New market expansion is the main strategic plan of the company for 2012. Previous international expansions included  Canada (2010), Latin America (2011) and the UK and Ireland (2012). Before the launch in the Nordic region, the company aimed to expand into Spain but due to growth in costs relating to domestic restructuring, expansion to the country was postponed.

For Q2 2012, the company had nearly 3.6m paying customers internationally, which is equivalent to 13 per cent of its global paying streaming subscriber base. Q3 2012 showed 22% growth Q-on-Q in the number of paying users internationally.

The growth in the number of paying subscribers is still being driven by markets such as the UK and Ireland, but the company expects to have r success in developed Western European markets such as the Scandinavian region. However, this expansion has come at a cost; third quarter 'contribution' from international subscriptions (revenue less content acquisition and marketing expenses) was a loss of $92m, an increase on Q2’s $89m – driven both by content acquisition in Scandinavia, but also by fierce ongoing competition for rights in the UK, which the company noted has driven up costs.

Similarly to the UK, the Nordic region has strong local and international online video players that may become a significant barrier for Netflix in creating a profitable business. Q4 2012 in particular is likely to reveal significant levels of competition for content and customers in the Nordic region. HBO is to launch by the end of 2012 its own branded OTT service - a joint venture between the Time Warner-owned broadcaster and Parsifal International. Scandinavian pay-TV operator (C-More) in collaboration with TV4 and Bonnier Group has also launched its movie service (Filmnet) ahead of Netflix and HBO at an introductory price of SEK49 ($7.4). In addition C-More has inked and renewed a big number of its studio deals with HBO, FOX, MGM, NBCUniversal, Sony and Paramount Pictures. The latest deal has been closed with Svensk Filmindustri distributor for a subscription VoD window for films, crime series and children’s programmes.

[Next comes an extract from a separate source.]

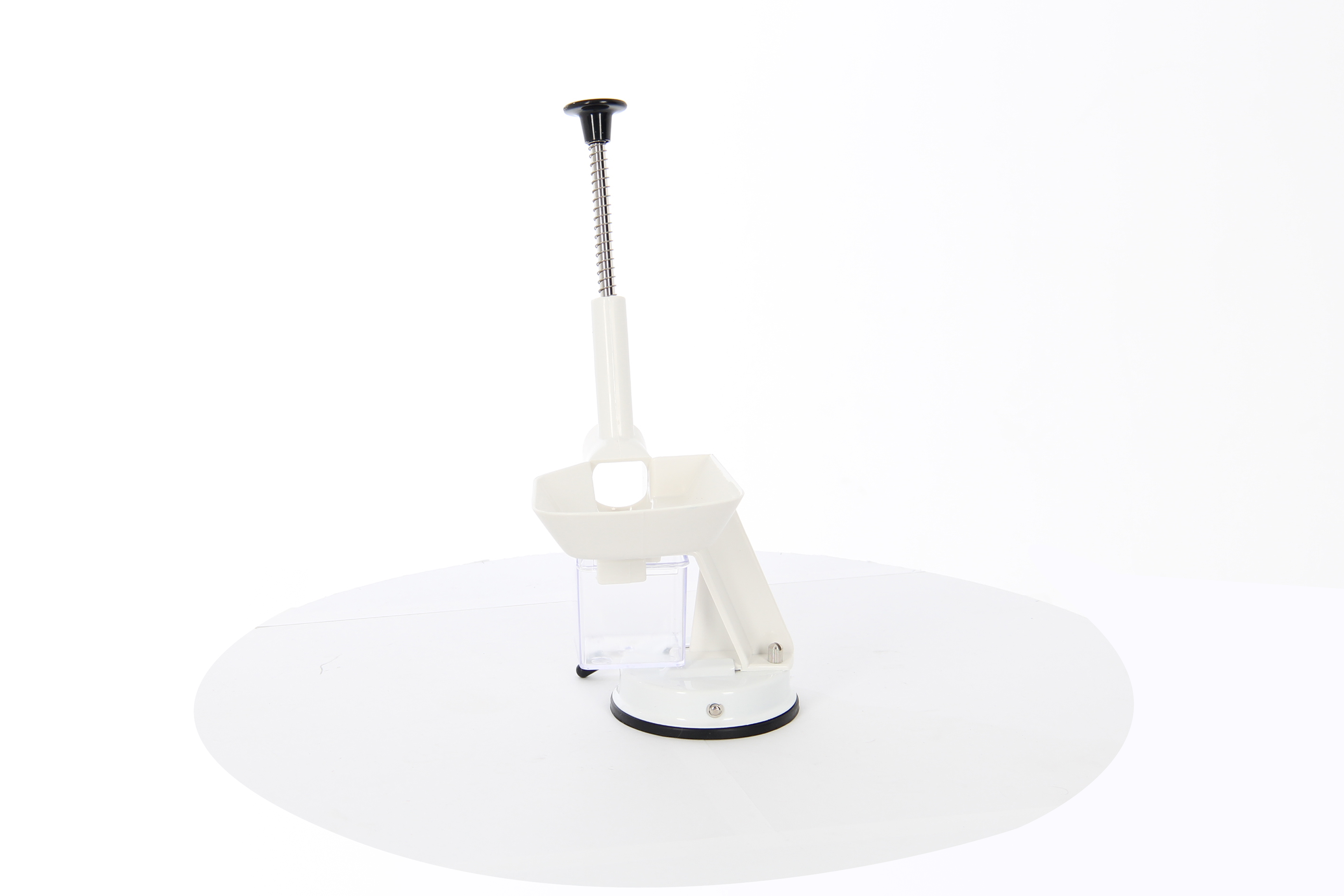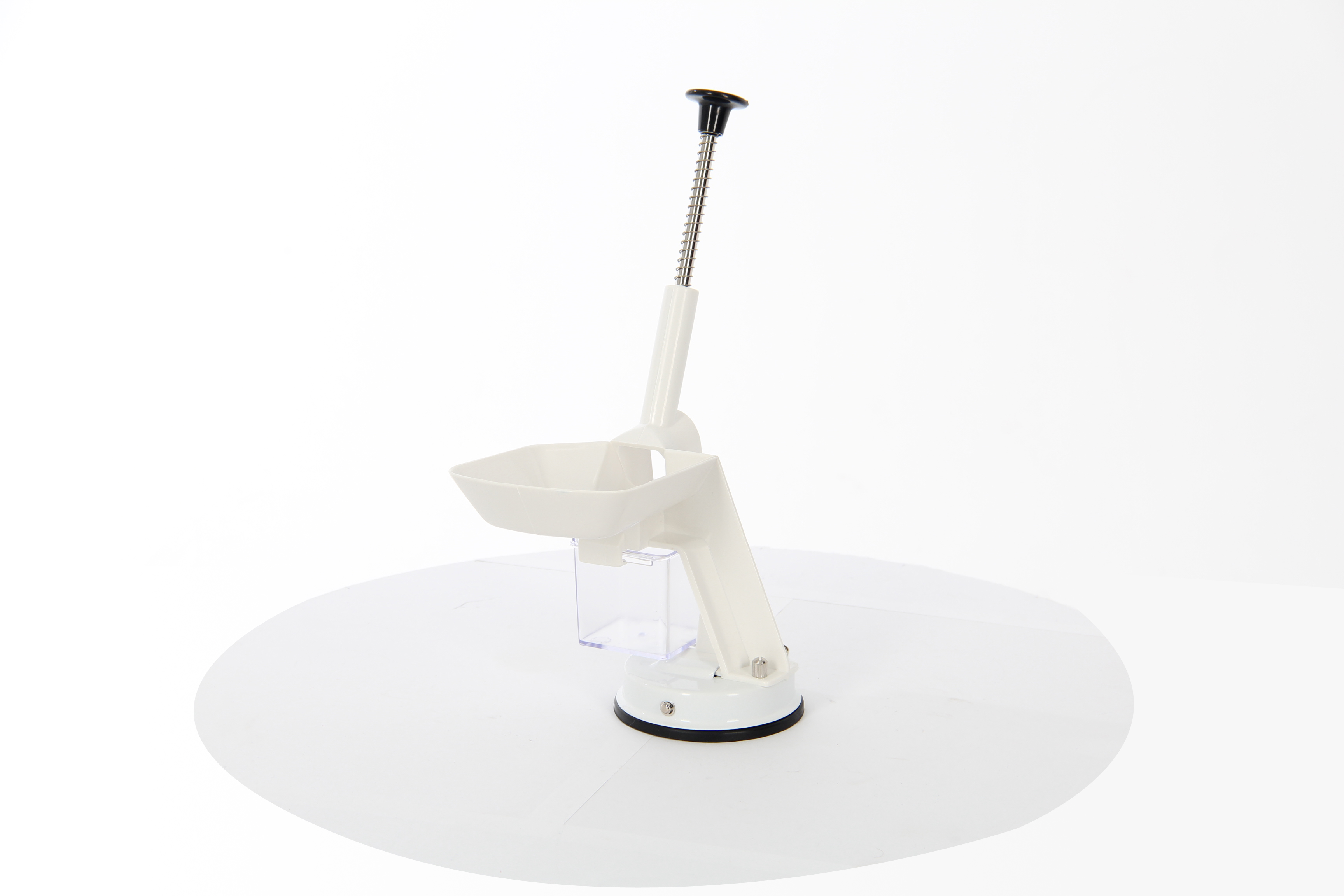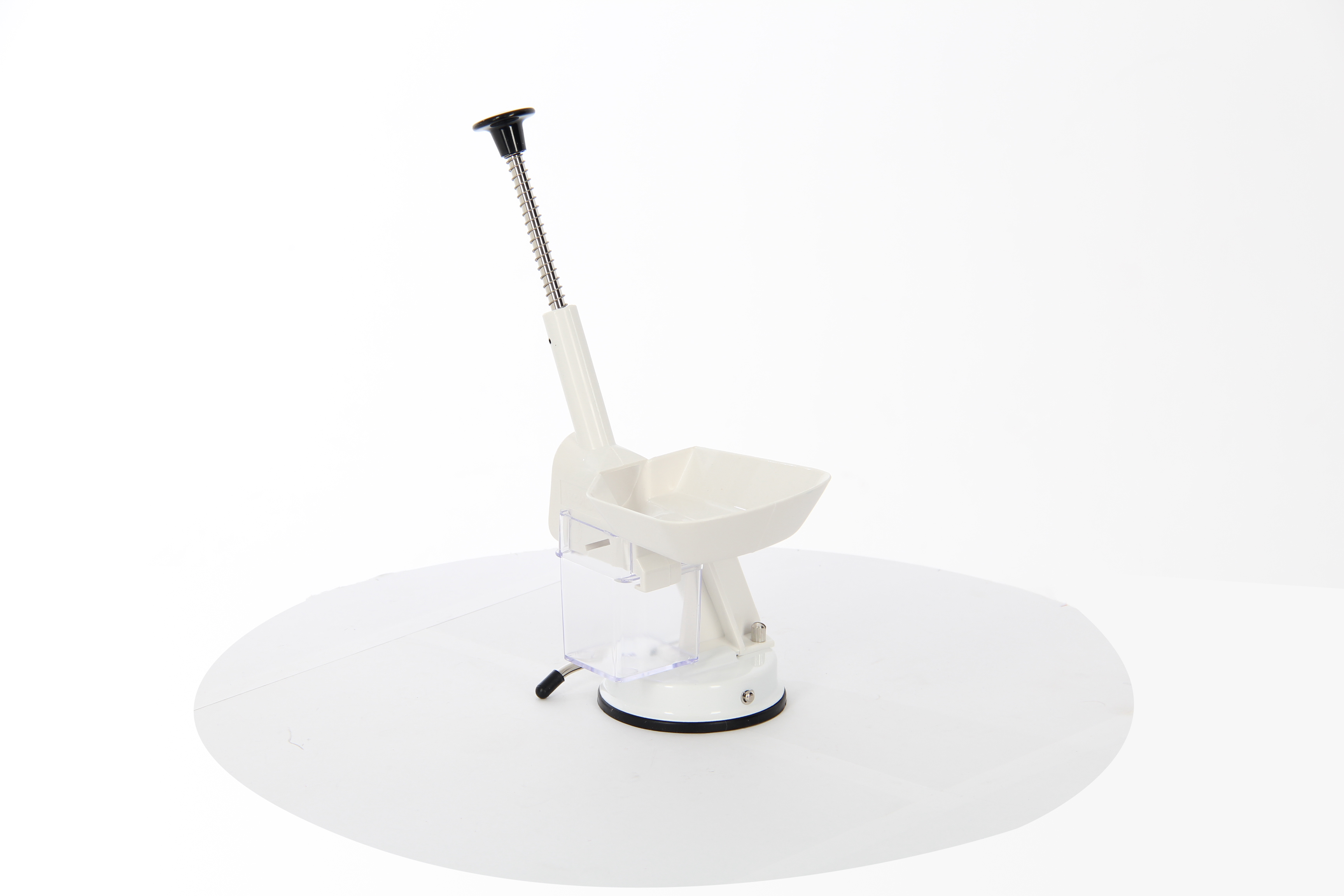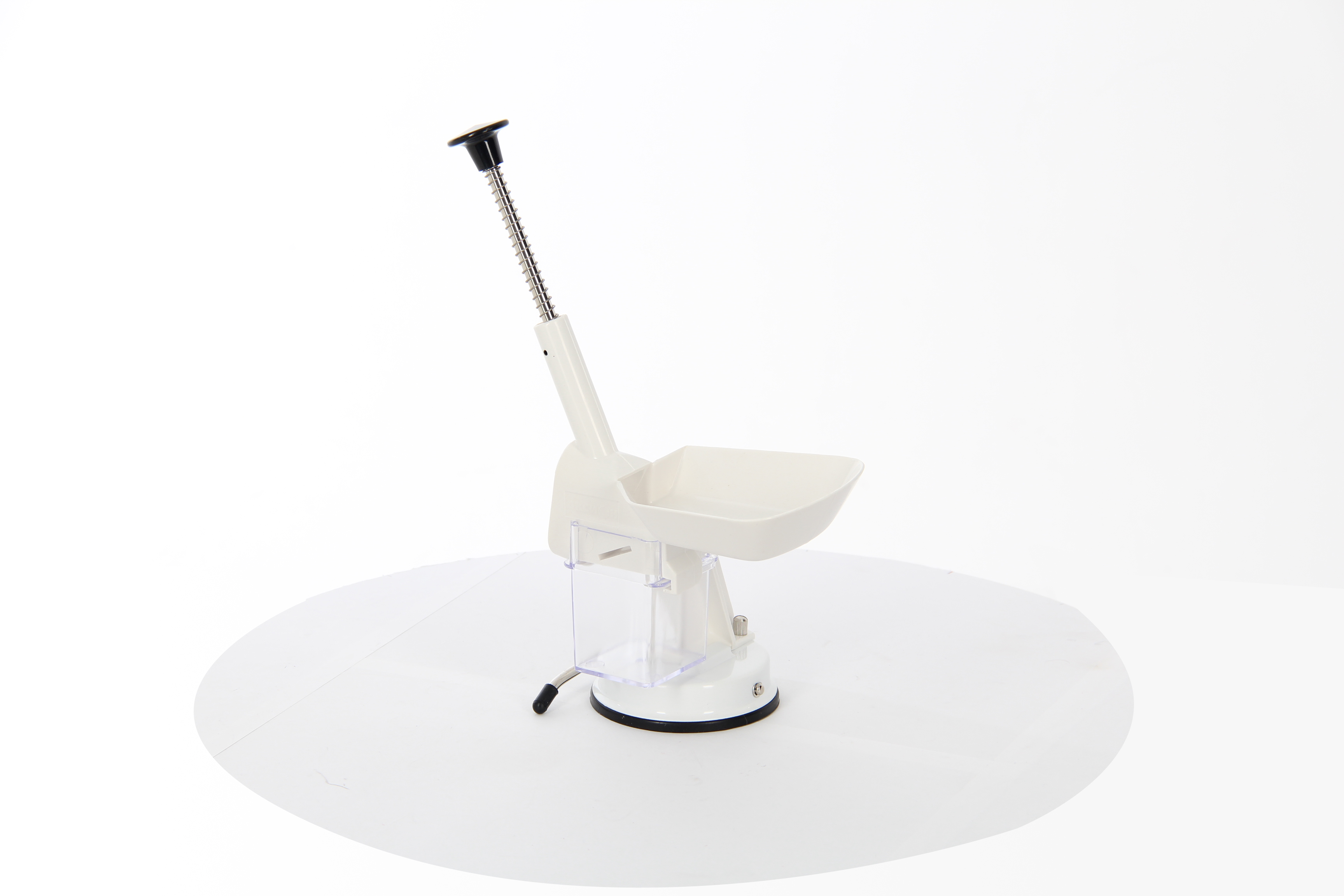 - Специальная ручка и противоскользящая резиновая присоска надежно фиксируют прибор на поверхности стола

The incumbent OTT service from the Modern Times Group (MTG) Viaplay is also a strong player in the market. The service has deals with all major international and local distributers. Moreover Viaplay is present on a large number of connected living room devices including PCs, smartphones, tablets, smart-TVs, set-top boxes. A recent deal with Sony earlier in October 2012 made the service available to PlayStation 3 in Norway, Denmark, Sweden and Finland.

Other competitors include a local branch of Amazon’s Lovefilm, Bonnier-subsidiary SF Anytime and start-up Voddler with transactional VOD services, and broadcasters with free-to-view on-demand services such as SVT Player. Importantly, similarly to Netflix, many of the above competitors already distribute premium video content to different connected living room devices.

Netflix understands that having a solid content library available on a wide range of different devices is the way to attract wider audiences. The agreement with the Warner Bros for the first pay-TV window undoubtedly required a significant investment for Netflix, but is a content deal that could help the company compete with incumbent players as C More and Viaplay. However, as France Telecom found in France, with its costly foray into rights acquisitions for Orange Cinema Series, buying a small amount of premium rights may not be sufficient to drive significant additions. Nonetheless, Netflix has seen positive signs, with early uptake trends indicating better performance than the Canadian launch in attracting free users.

Overall, the Nordic region is an attractive market for online video content providers including Netflix. However fierce competition with incumbent players and with new international companies entering the space, the ensuing high costs of content deals and investment for sustainable business development should not be underestimated.